Les 19 et 20 octobre prochains se tiendra à l’Ircam un colloque assorti d’un concert sur le thème « Musique et Maladie ». Imaginé et organisé par les musicologues Laurent Feneyrou et Céline Frigau Manning, ainsi que par l’historien de la médecine Vincent Barras, l’événement fera exactement ce qu’annonce son titre : éclairer mutuellement deux disciplines dont les intrications sont plus nombreuses et complexes que ce qui veut bien se dévoiler au premier coup d’œil.

Laurent Feneyrou nous en présente les grands enjeux en même temps que leurs traductions musicales que l’on pourra entendre au fil d’un programme musical défendu par l’Instant Donné le 19 octobre.

D’abord et avant tout, comment est née l’idée de ce colloque/concert « Musique et Maladie » ?

L’idée, ancienne, remonte à 2015. Le musicologue Gianfranco Vinay avait attiré mon attention sur un essai de son collègue, Giovanni Morelli (1942-2011). Cet essai, intitulé « Musique et maladie », avait paru, en italien, dans l’Enciclopedia della musica dirigée par Jean-Jacques Nattiez, mais n’avait pas été traduit dans l’édition française, ce que je me décidai alors à faire. Peintre, dessinateur, écrivain, poète, performer, cinéphile, et surtout médecin de formation, Morelli enseigna d’abord l’anatomie à l’Académie des beaux-arts de Bologne, puis la musicologie à l’université Ca’ Foscari de Venise, avant de créer l’Institut pour la musique de la Fondation Cini, qu’il dirigea jusqu’à sa mort. Dans son essai, extraordinaire d’érudition et de virtuosité conceptuelle et d’écriture, Morelli esquisse quantité de thèmes de recherche : sur la manière hygiénique, sédative, sinon narcotique, et morale, dont la médecine considère la musique de l’Antiquité à l’âge classique (musique et médecine) ; sur la transition, à l’époque baroque, vers un nouvel ordre dans lequel le patient se découvre lui-même sujet, ouvrant les voies du XIXe siècle, où l’artiste s’expose malade, de plus en plus gravement, et où le regard médical cherche, dans chaque symptôme, et jusque dans les autopsies (de Beethoven, Schumann, Chopin…), la marque du génie (musiciens et maladies) ; sur un nouveau changement d’ère, avec l’avènement de la modernité, où la maladie n’est plus une déviation de la norme, mais une composition, par le corps, d’un autre mode de vivre, quand une médecine technique tend à étudier la maladie sans le malade, à la déshumaniser, à la « désubjectiver », à l’heure des analyses, radiographies, scanners ou IRMs, du cancer, du sida et autres épidémies d’aujourd’hui (musiques et maladies).

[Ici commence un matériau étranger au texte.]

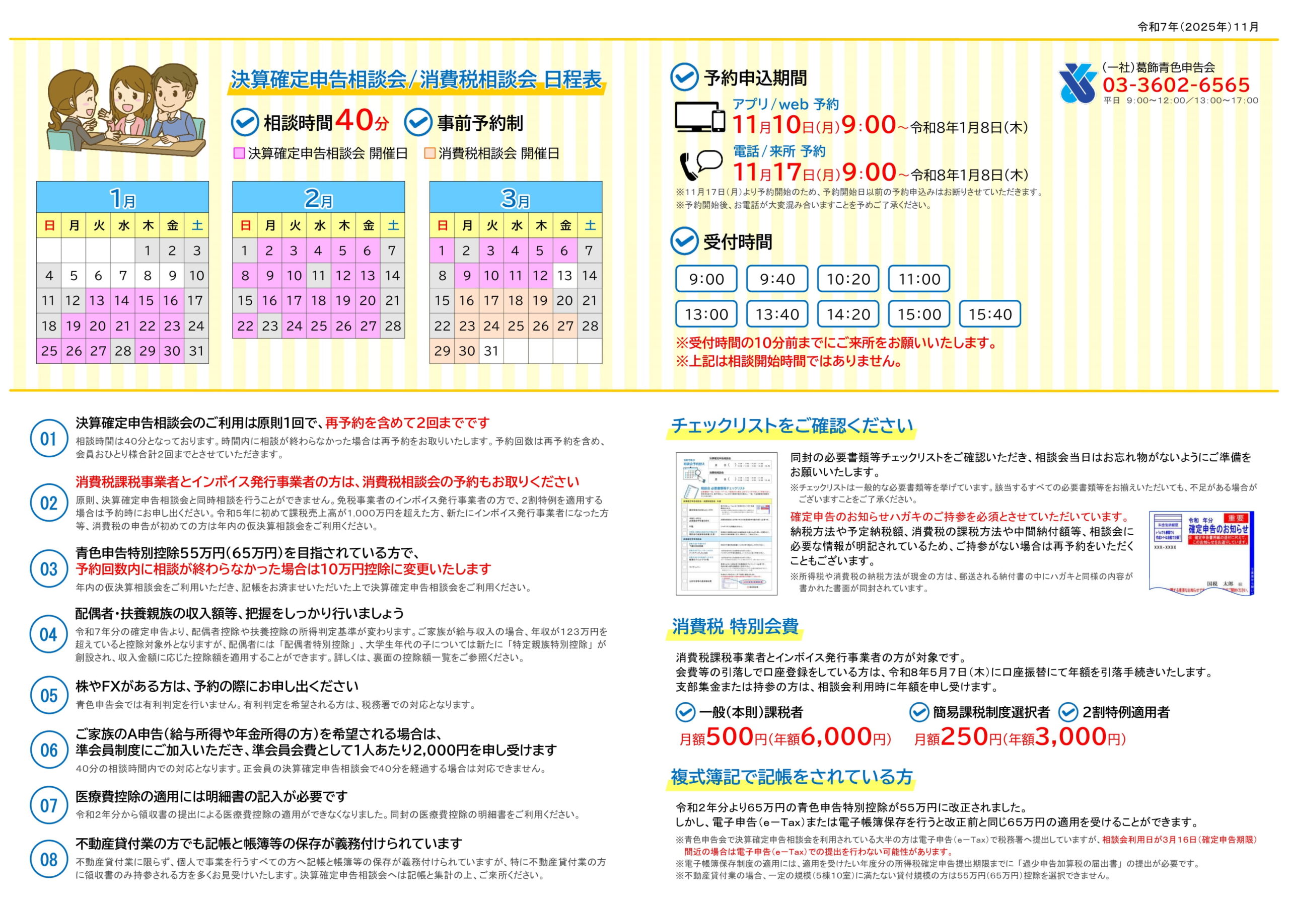 11月17日(月)より確定申告相談会・消費税相談会の予約が始まっております。
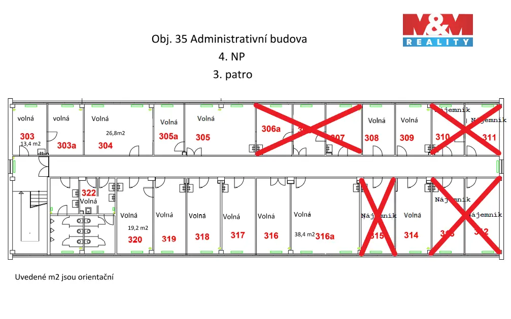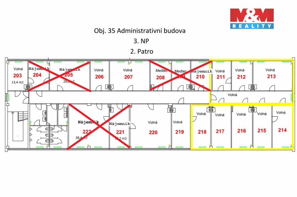 Nabízíme pronájem volných kanceláří v administrativní budově na ul. Brněnská v Hradci Králové. Kancelář na plánku označená jako č. 219 se nachází ve 3. nadzemním podlaží. V místnosti je umyvadlo. Toalety a kuchyňka jsou společné. Součástí nájmu je i jedno parkovací místo v areálu u budovy. Volné kanceláře jsou jak ve 3. tak i ve 4. nadzemním podlaží. Nájemné činí 2500 Kč/m²/rok + poplatky 1000 Kč/m²/rok. Více informací u makléře.
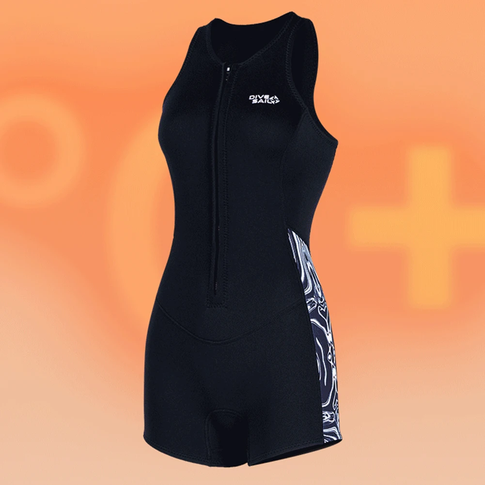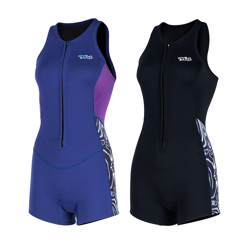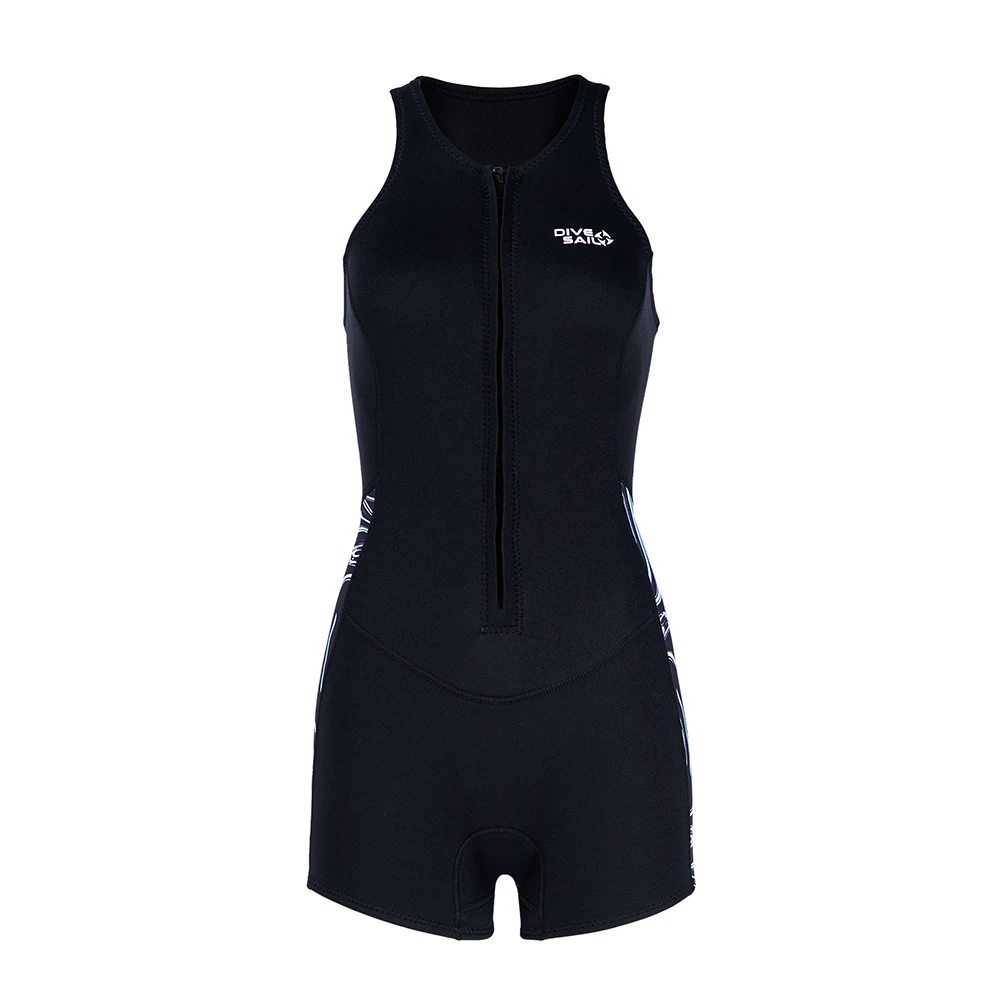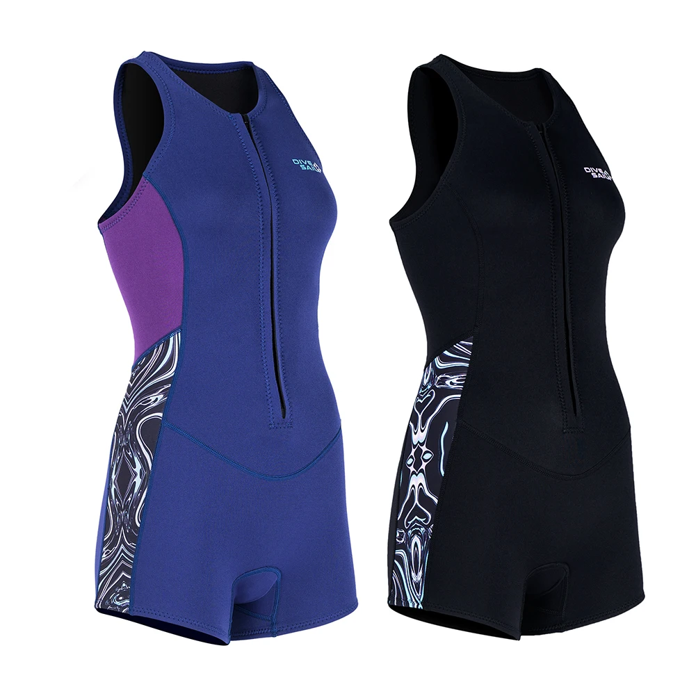 Features: 1.2MM Neoprene for Warmth: This women wetsuit is made with 2MM thick neoprene, providing excellent heat retention to delay body temperature loss, ensuring prolonged water activity enjoyment. 2.High Elastic Fabric: Experience optimal comfort with these sleeveless wetsuits, designed with high elasticity fabric for efficient rebound and unrestricted movement. 3.Sun and UV Protection: Enjoy outdoor activities safely with the one piece swimsuit that offers sun and UV protection both in and out of the water. 4.Meticulous Stitching: The diving shorty suit features precise stitching, ensuring a , aesthetically pleasing design that's resistant to breakage. 5.Jellyfish and Scratch Protection: Stay safe from harmful marine life and sharp objects with this one-piece bathing suit, designed to protect against jellyfish stings and scratches. Specification: Origin: Mainland China Main Material: SCR Neoprene, Nylon Cloth Color: Black, Blue Style: Women Size: XS, S, M, L, XL, XXL Net Weight: 290g (XS), 310g (S), 330g (M), 350g (L), 380g (XL), 400g (XXL)

Gravure représentant Ludwig van Beethoven (1770-1827). MARY EVANS PICTURE LIBRARY / PHOTONONSTOP

Dans les mêmes années, j’avais organisé un dialogue, qui s’est avéré d’une étonnante richesse, entre Salvatore Sciarrino et le philologue, helléniste, latiniste et historien de la médecine Jackie Pigeaud (1937-2016), autour de la mélancolie. Pigeaud nous laisse une œuvre admirable et féconde pour la musicologie, par ses ouvrages sur la « maladie de l’âme », ou sur l’art et le vivant, mais aussi, plus spécifiquement, sur musique et pouls, depuis Hérophile de Chalcédoine, inventeur, aux IVe- IIIe siècles avant Jésus-Christ, de la sphygmologie (étude du pouls), et découvrant qu’il y a « de la régularité, du rythme dans le corps », pour citer Pigeaud, jusqu’à la Nouvelle Méthode facile et curieuse, pour connaître le pouls par les notes de la musique (1769) du médecin lorrain François Nicolas Marquet et jusqu’aux expérimentations actuelles sur le rythme cardiaque et ses troubles, relativement à la composition et à la perception de la musique. C’est dans ce contexte que s’inscrit l’exécution, lors du concert du 19 octobre, de Cardiophonie (1971) de Heinz Holliger.

Si la Covid, avec ses conséquences sur nos humeurs, a retardé la tenue de ce colloque, organisé avec Céline Frigau Manning, de l’université de Lyon 3, et Vincent Barras, de l’Institut des humanités en médecine (Lausanne), et avec la collaboration de Philippe Lalitte et Emmanuel Reibel, Morelli et Pigeaud en demeurent, pour ce qui me concerne, les deux figures tutélaires.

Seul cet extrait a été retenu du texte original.